Theology

If Your Kid Leaves the Church, Don’t Despair. But Act Quickly.

There’s a window of opportunity to bring young adults back after they leave organized religion, says sociologist Melinda Lundquist Denton.

Christianity Today June 8, 2021
Illustration by Mallory Rentsch / Source Images: Tuyon Vo / Annie Theby / Milo Bauman / Unsplash

Almost two decades ago, a small group of sociologists embarked on a longitudinal research project called the National Study of Youth and Religion (NSYR). Hosted by the University of North Carolina at Chapel Hill and the University of Notre Dame, NSYR researchers tracked the faith lives of America’s youth for a full 10-year span, from early adolescence into emerging adulthood.

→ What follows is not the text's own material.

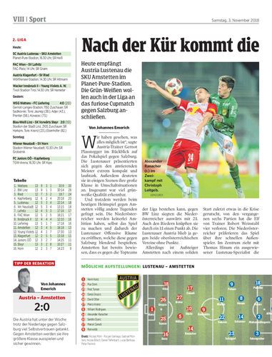 Heute empfängt Austria Lustenau die SKU Amstetten im Planet-Pure-Stadion. Die Grün-Weißen wollen auch in der Liga an das furiose Cupmatch gegen Salzburg anschließen.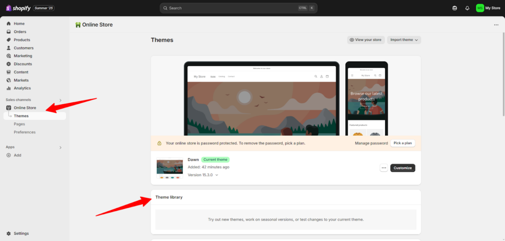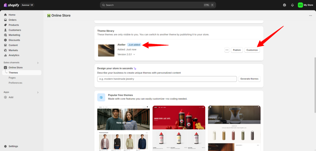 - بعد إتمام تحميل القالب إلى متجرك سوف تجده في لوحة التحكم، يمكنك حينها اختيار "تخصيص" أو "Customize" لتعدل على القالب بما يناسب هويتك ومشروعك.

Their findings were reported in three books: Soul Searching (2005), Souls in Transition (2009), and A Faith of Their Own (2011).

The culmination of this mammoth project comes in Back Pocket God: Religion and Spirituality in the Lives of Emerging Adults, coauthored by Melinda Lundquist Denton, associate professor of sociology at the University of Texas at San Antonio, and Richard Flory, senior director of research and evaluation at the University of Southern California’s Center for Religion and Civic Culture.

CT spoke with Lundquist Denton about the dramatic drop in church attendance among young adults and what it means for the discipleship going on in our living rooms, classrooms, and sanctuaries.

(Click here for a companion interview with Christian Smith, coauthor of Handing Down the Faith.)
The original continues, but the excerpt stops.